We arrived in San Vicente, a small pueblo with one gas station. The station attendee offered to sell me a new battery for one hundred bucks. I declined, assuming the battery issue wasn’t the cause; it must be something else. Everyone says don’t drive at night in Baja. The cows sleep on the highway, and you never know who might be lurking in the darkness. As we followed the moon’s light netted on the fields around us the car started to choke and then it stalled as if it had no juice left. We coasted in the dark with no headlights. The car jerked on and off throttling and then shorting as we coasted until we could pull over on an embankment. 30, 20, 10, 5, 3 mph – click. The car was dead.
“Did we have cell service?” I asked, as I could hear my heart pounding with fear. Yes! I had the hotel number of the venue where we were planning to stay which was about 80 miles ahead. Someone answered my desperate call for help. It was 12:38 am. Gerardo, the front desk guy, called a tow truck. The only one in San Vicente was Manuel. Thank goodness that I speak Spanish.
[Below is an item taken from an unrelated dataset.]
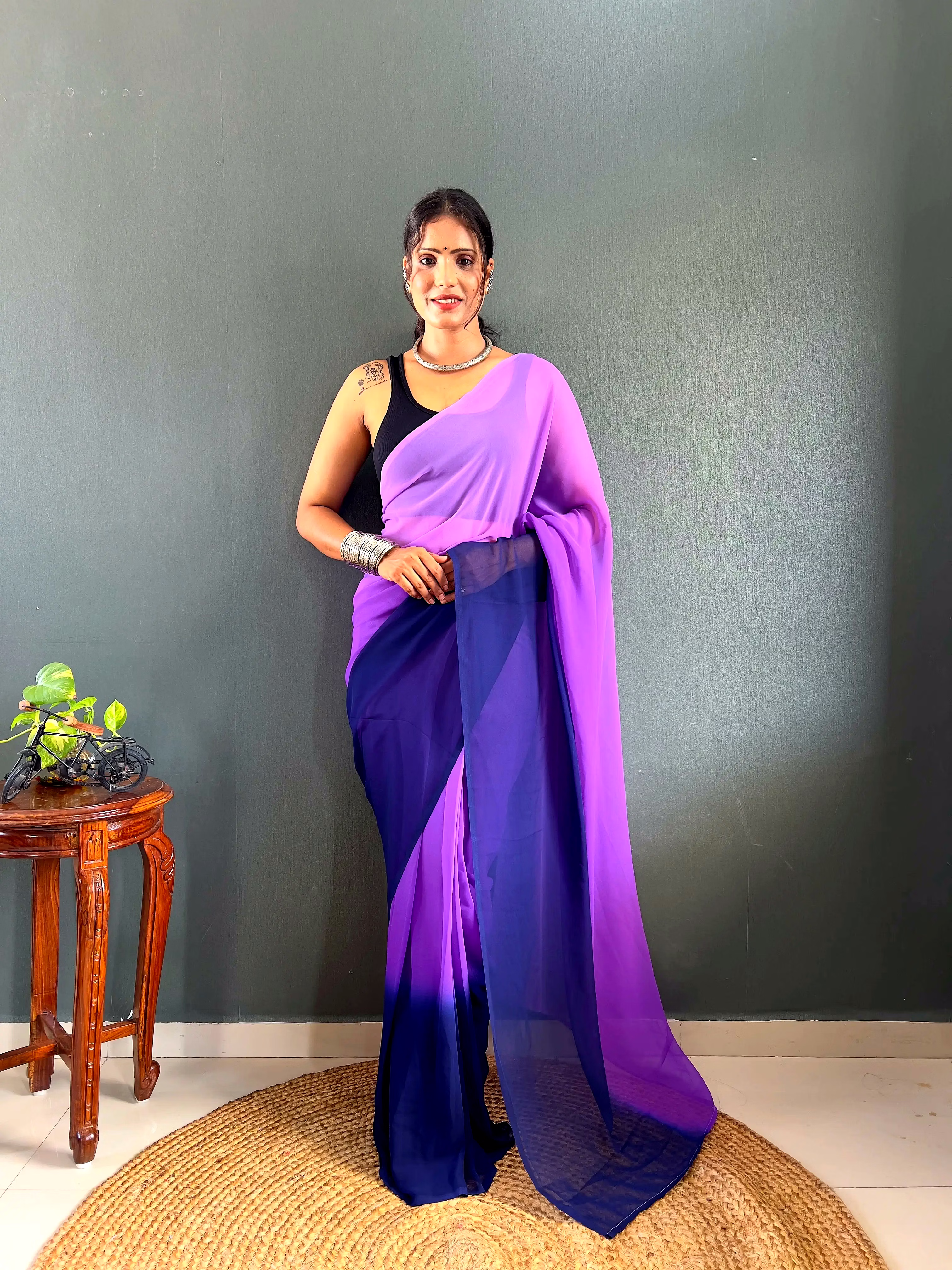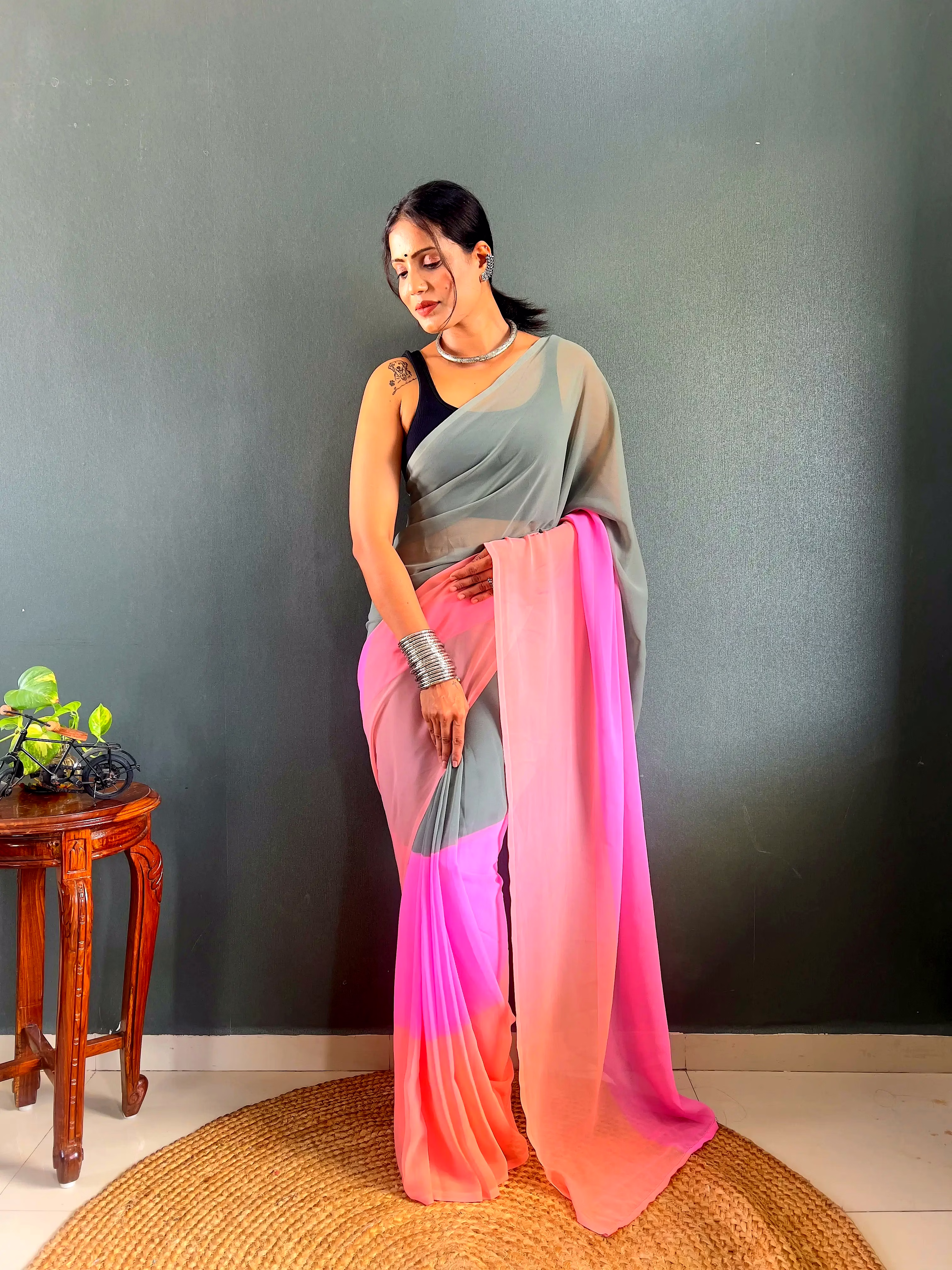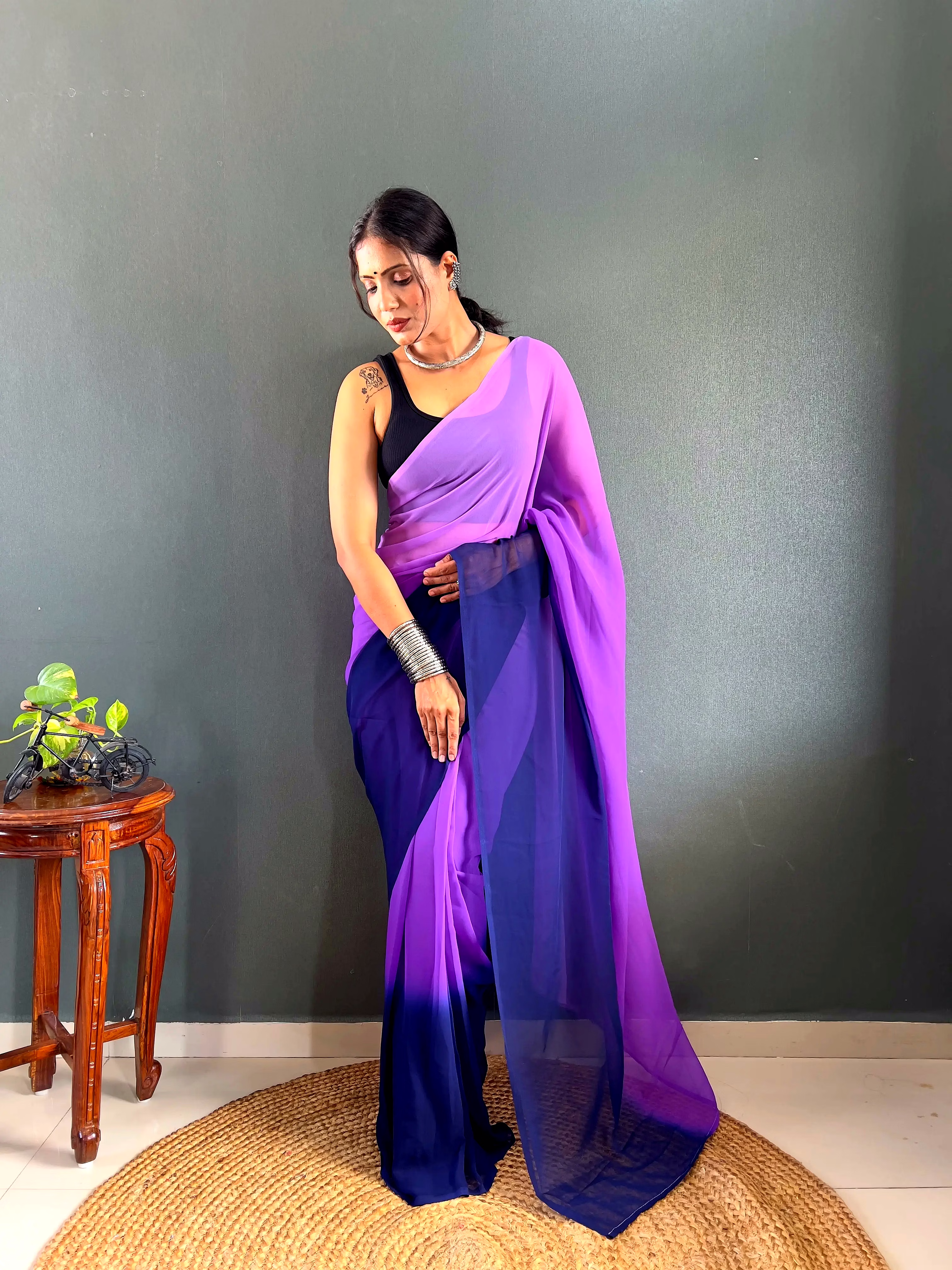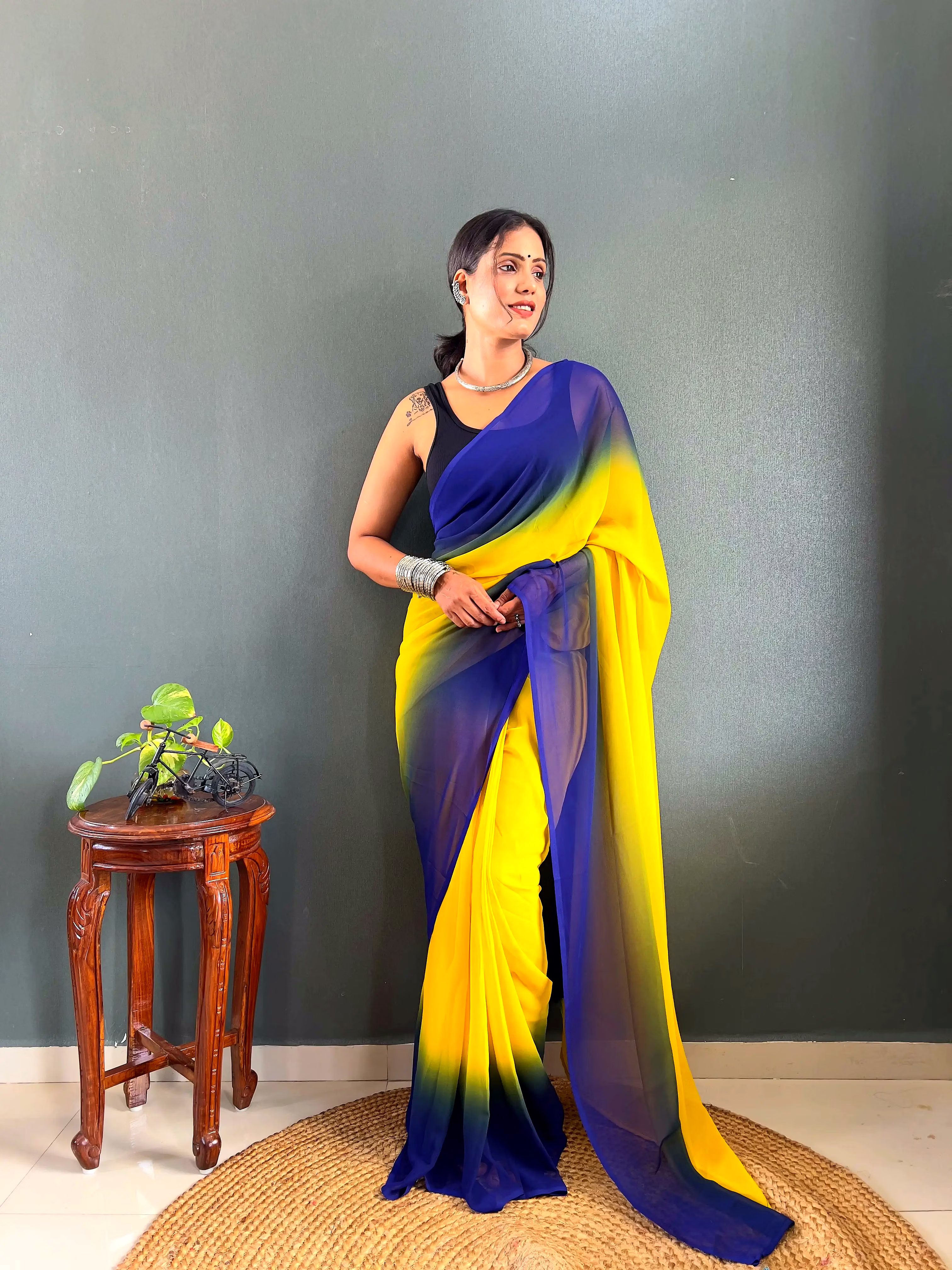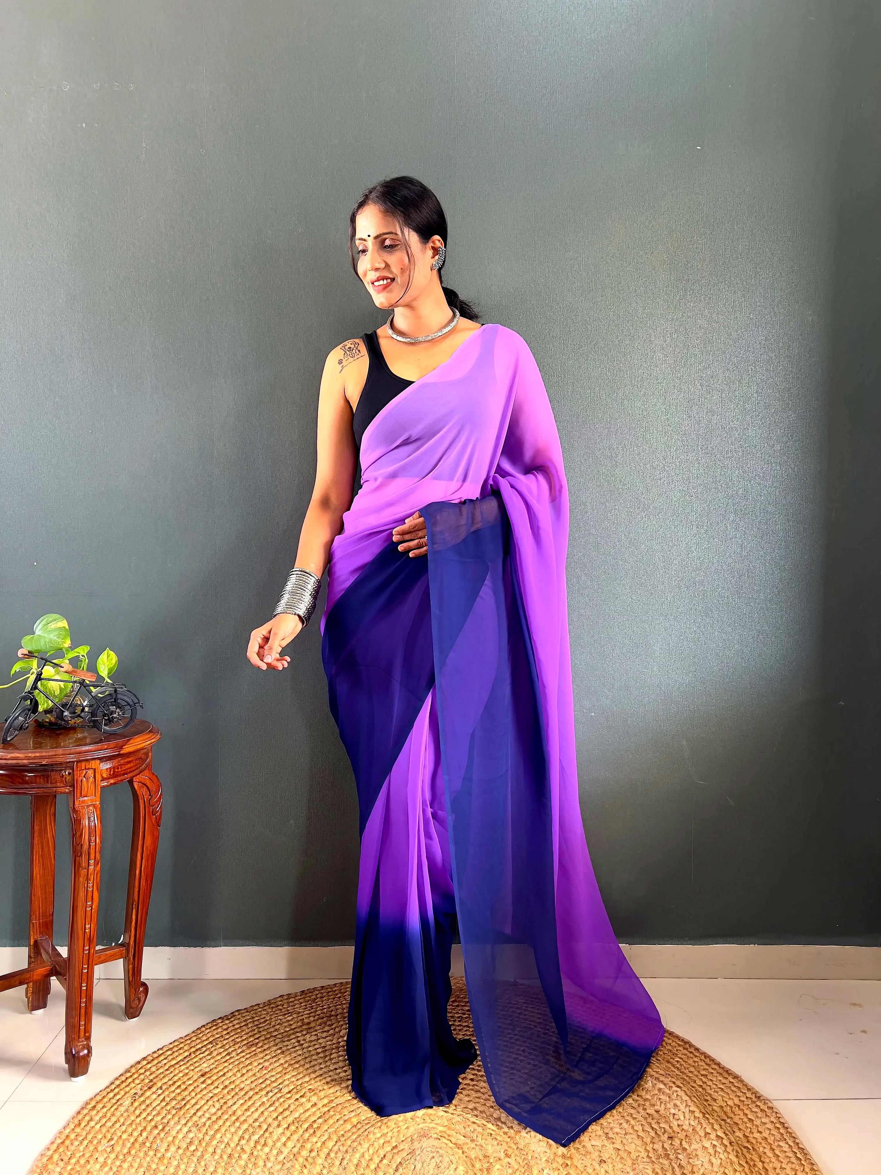 Elevate your style effortlessly with our Dual Tone Georgette Ready to Wear Saree. Embrace convenience and elegance in one stunning piece.

As we sat there waiting for him, my friend Dennis was swallowing every 5 seconds, breathing as nervous as a man sneaking through a den of sleeping lions. I knew he was imagining the worst. Who would see us pulled over with no lights? A military checkpoint was 2 miles away, but walking toward it would have been too dangerous. Manuel showed up at 1:32 am. Dennis almost popped with anxiety minutes before.
Barclay, Dennis’ Great Dane was the perfect guard to an ambush. We’d brought him along because he couldn’t fly. I could see the lights radiating over the hill behind us; it was Manny the tow truck guy. I was so relieved to see him. There we were being towed, sitting in our car with a horse in the back, and Barclay barking at the creaking noises from beneath the axle. Manny was also a mechanic, in fact, he raced in the Baja 1000. He dropped off the car at his lot, and just across the street was a run-down motel with 8 rooms. Finding a room at 2:38 am was next to impossible, but Manny told me they had space, and his cousin Jack ran the place. Jack spoke English.
The place looked full, as I knocked on the office door tentatively saying “Hello?” holding back my loudness. No one answered. I waited 5 minutes. No one answered. I opened the door; no one was there. It looked like the place of a homeless person with a car seat made into a bed.
Tensions were high – no car…no place to sleep…not in a good space; I lost my cool and yelled at the highway, “WHY!” uncontrollably. Yet something inside me underneath whispered, “Stay. Be here with this, let go, and be attentive and relaxed,” so, I followed the voice and sat down in the dirt in a seated position. As my breathing took my attention off my feelings, I gave space to what was happening.
Just then, room #2 door creaked opened, and I could see a thin guy with a beard who’d been awakened. I was sure he’d heard my yelling and was upset because his hair was standing up. He must be a guest trying to get some sleep. Instead, it was Jack. Scratching his head with one eye still closed and pajama bottoms, Jack opened the two rooms left that night.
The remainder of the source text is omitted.